[0.69] Stop using /fp:strict to build yoga.cpp (#10179)

* Stop using /fp:strict to build yoga.cpp (#8725)

* Stop compiling yoga.cpp with /fp:strict. Doing so caused layout issues
if Yoga code ran with the processor's rounding mode set to round down,
due to NAN being defined in math.h as:
```
(float)(INFINITY * 0.0f)
```
Which macro-expands to:
```
(float)(((float)(1e+300 * 1e+300)) * 0.0f)
```
Which evaluates as follows:
```
(float)(((float)(inf.double)) * 0.0f)
(float)(FLT_MAX * 0.0f) // Casting an infinite double to a float yields
                        // FLT_MAX!
(float)0.0f
```

Oops. Also, /fp:strict is slightly more pessimistic & slower... not that
anyone should be running Yoga layout in a tight loop or anything! But
free perf is always nice.

I manually inspected the disassembly code that was identified as causing
#4122, and I did
not find any issues anymore.

Unfortunately, while the exact issue tracked by #4122 was fixed, it turned out that different code was still compiling incorrectly.
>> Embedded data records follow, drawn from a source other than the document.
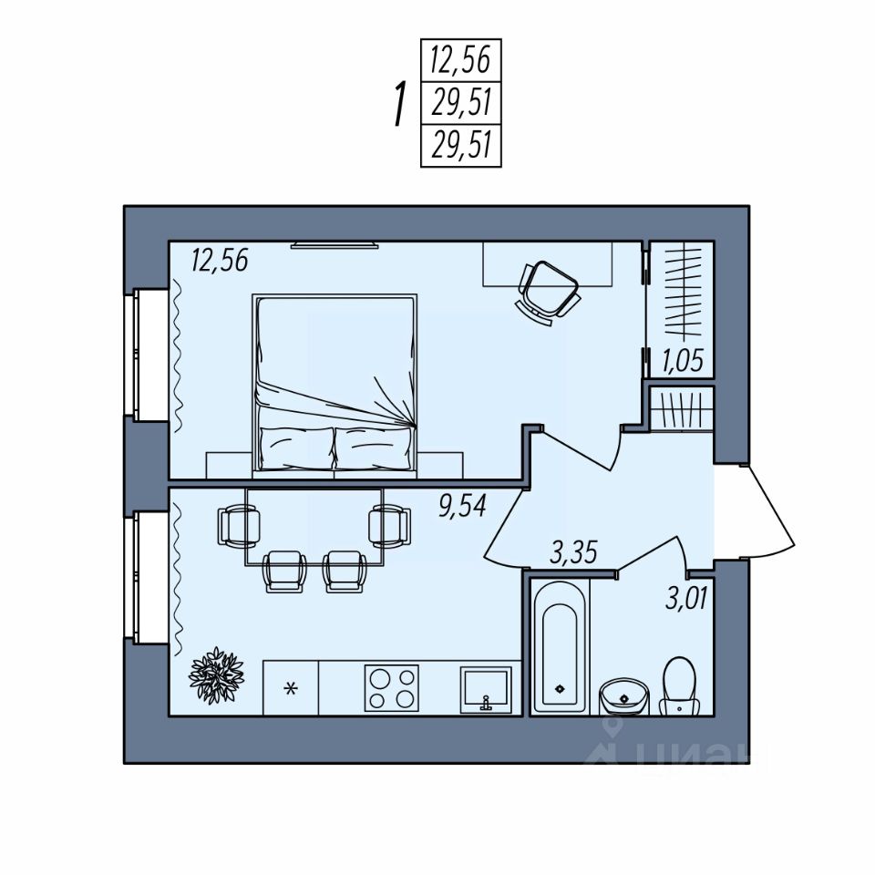 Общая площадь29,51 м2
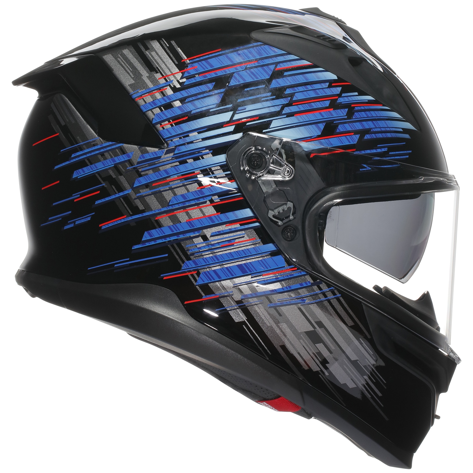 Every detail prioritises the rider’s safety. The base edge profile minimises the risk of collarbone impact – a particularly vulnerable area during accidents – in line with AGV’s innovation that is now a global racing standard. The quick-release cheek pad system facilitates swift removal in emergencies, reducing the risk of further injury.
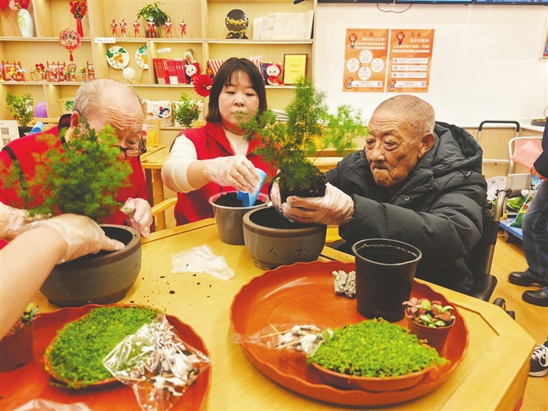 在北京市豐臺區(qū)北宮鎮(zhèn)養(yǎng)老服務(wù)中心,志愿者手把手教老人制作“松鶴延年”盆景。
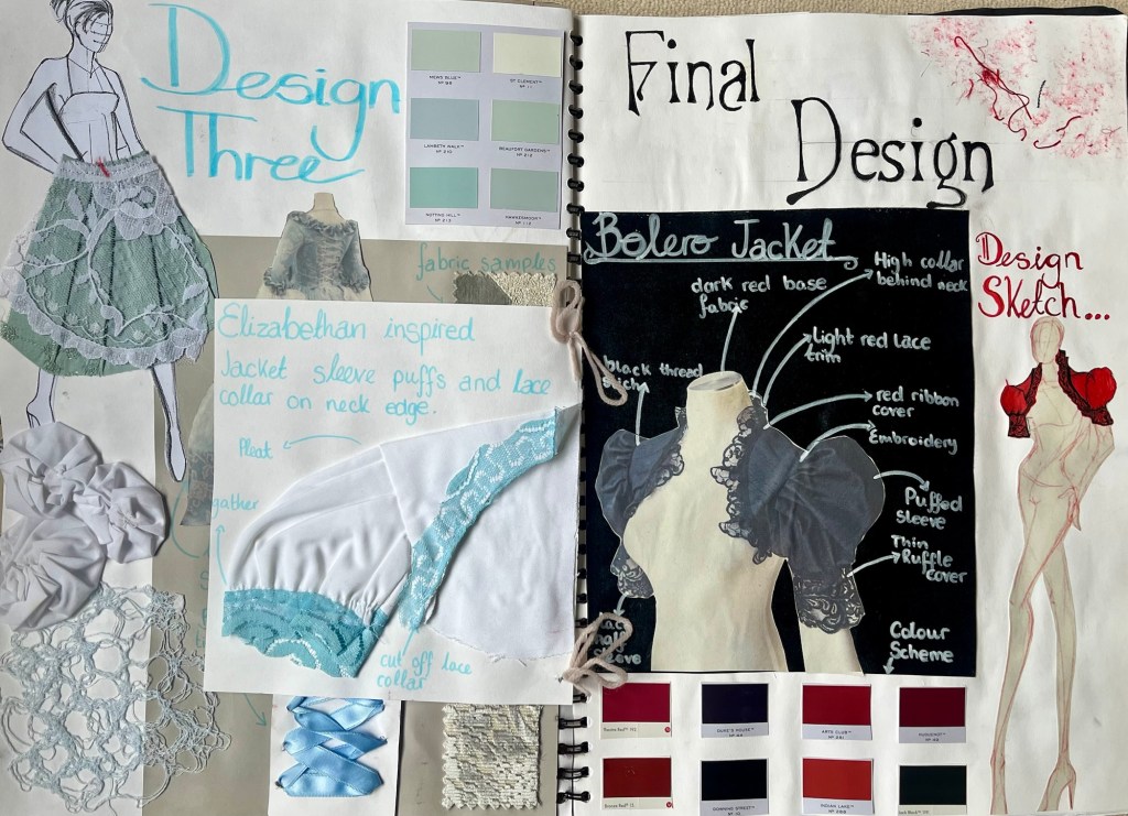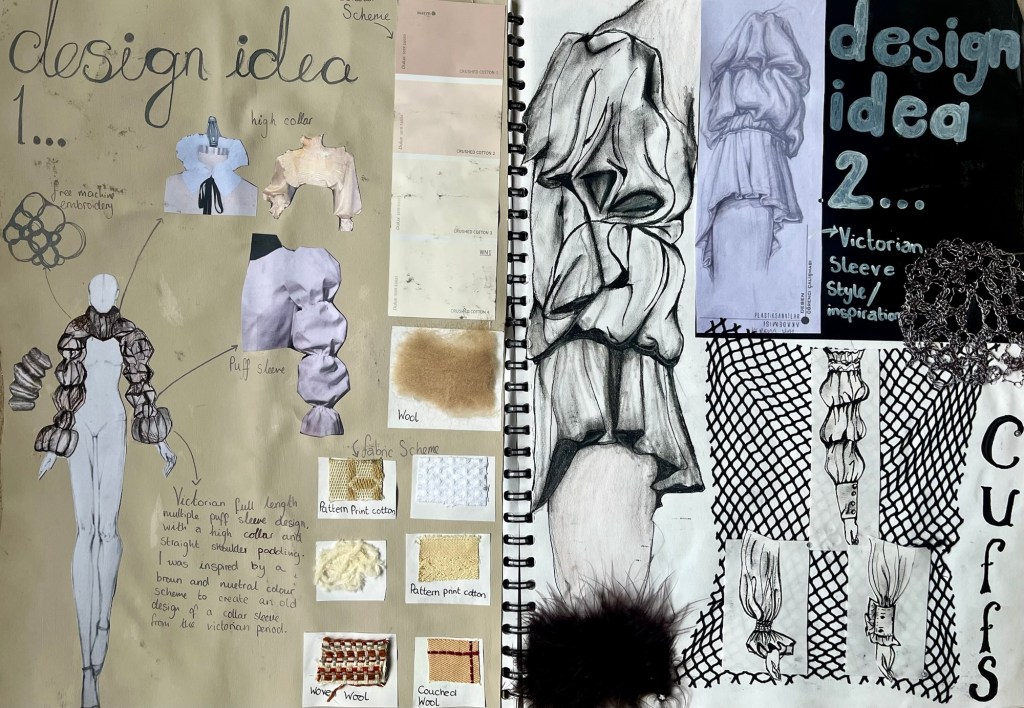 There are my final design pages where I put together all my past research and sketched my final piece that I would be making. I decided to go for large puff sleeves and use quite gothic colours with added embroidery detail and lace trims and beading.
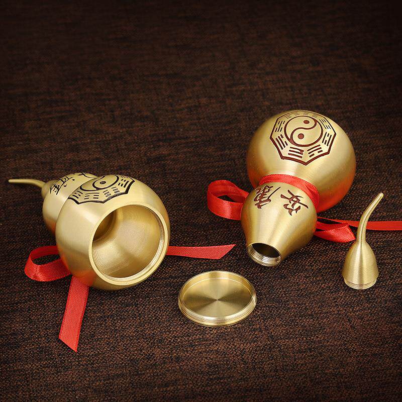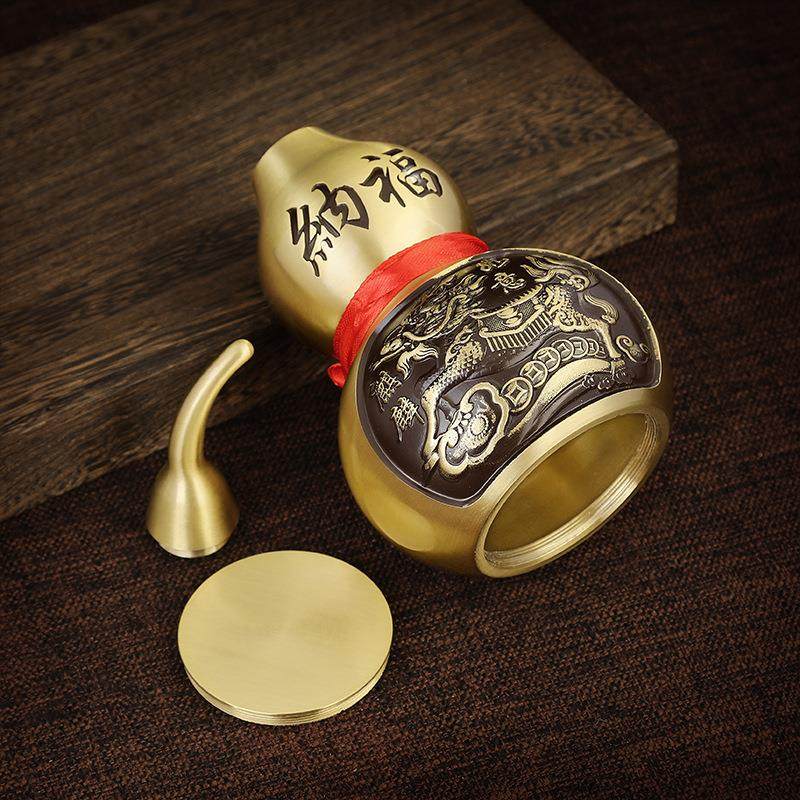 铜葫芦摆件纯黄铜开口葫芦家居办公室装饰工艺礼品铜制
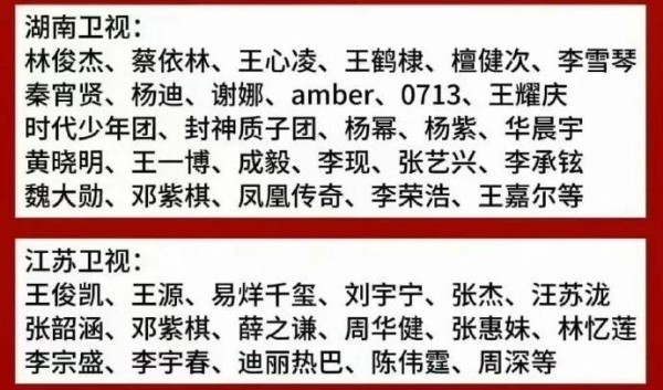 比如:从《快乐再出发》翻红的0713男团:陈楚生、苏醒、张远、王栎鑫、陆虎,只缺王铮亮一个人了。湖南卫视各大文艺晚会的常客:华晨宇、李斯丹妮、汪苏泷、秦霄贤、威薇、檀健次、时代少年团等,热播剧男女主演李现、杨紫、宋茜、成毅、王鹤棣、赵露思、虞书欣、魏大勋等。当然,也少不了参加过浪姐、《声生不息》的明星艺人。
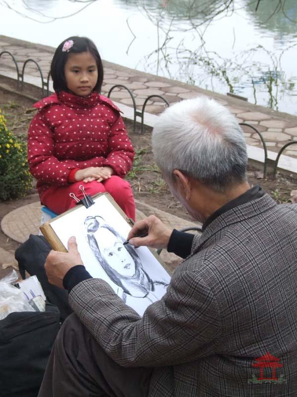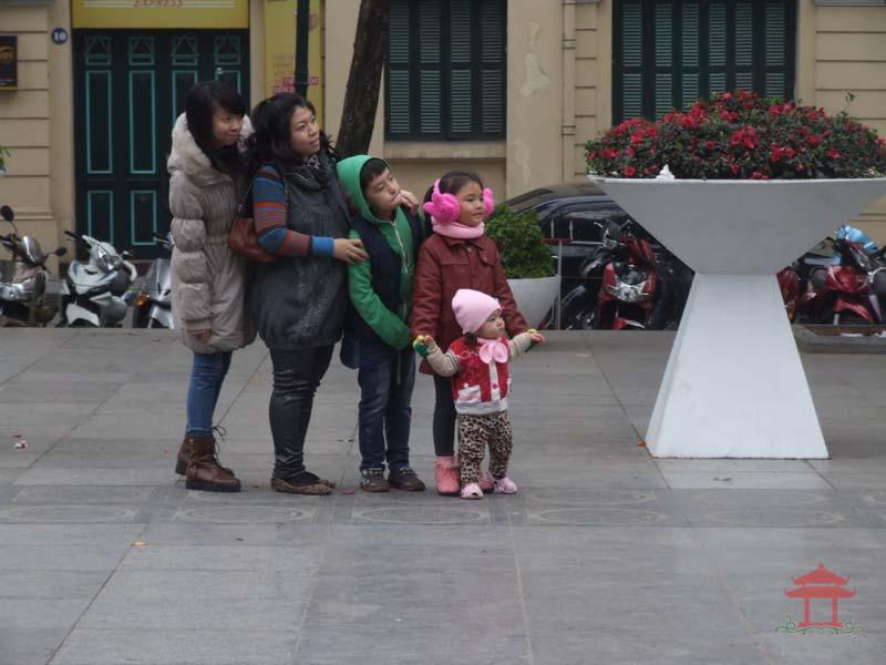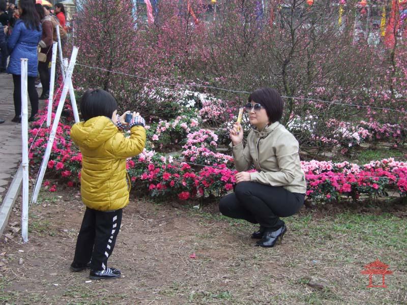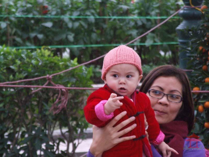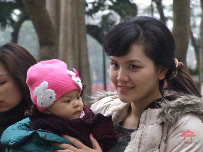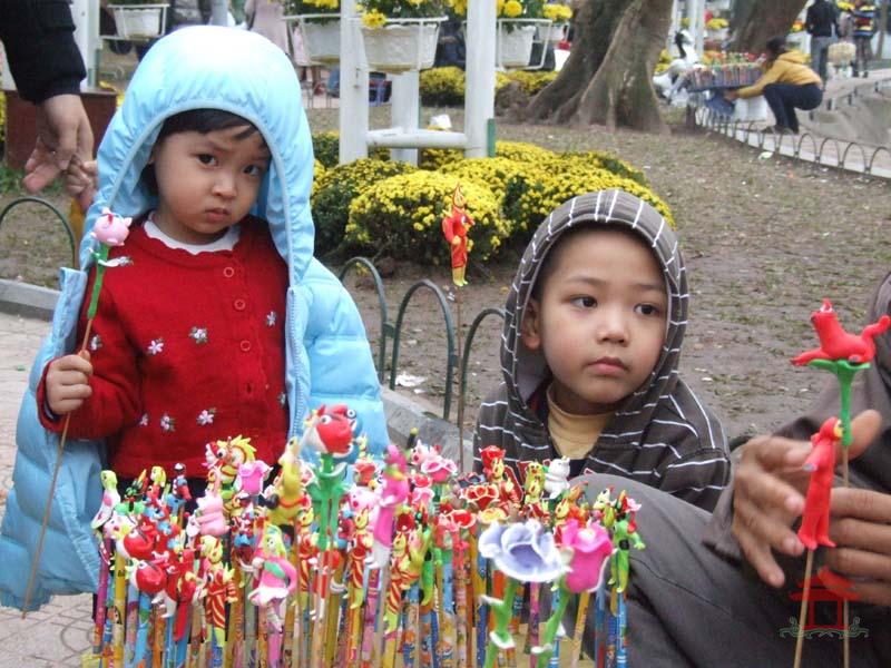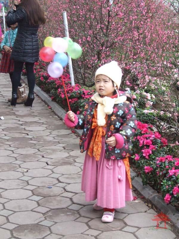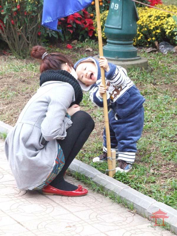 Hoa và lá tạo nên mầu sắc cho mùa xuân. Trẻ con làm cho mùa xuân thêm sống động và tươi vui. Trước cổng đền Ngọc Sơn những ngày đầu năm Quý Tỵ này có cả hoa và trẻ con. Mùa xuân ở đây tràn đầy nhựa sống và tiếng cười của cô nhóc, cậu nhóc.

It appears that recent versions of MSVC are generating bad code when compiling Yoga's `CompactValue` class; specifically, it seems that the undefined behavior in `CompactValue::isUndefined()` is leading to bad codegen. That method has undefined behavior because it accesses two members of a union, one a `float`, the other a `uint32_t`, only one of which can be active. The resulting bad codegen in MSVC is that (on amd64; I did not test other architectures), when `isUndefined()` calls `isnan()` on the `float` union member, the compiler emits code to do a `ucomiss` between an XMM register containing the union member and another XMM register whose contents are indeterminate (they're whatever the caller happens to have left behind in the XMM register). Oops!  The effect is that, sometimes, paddings and borders are ignored.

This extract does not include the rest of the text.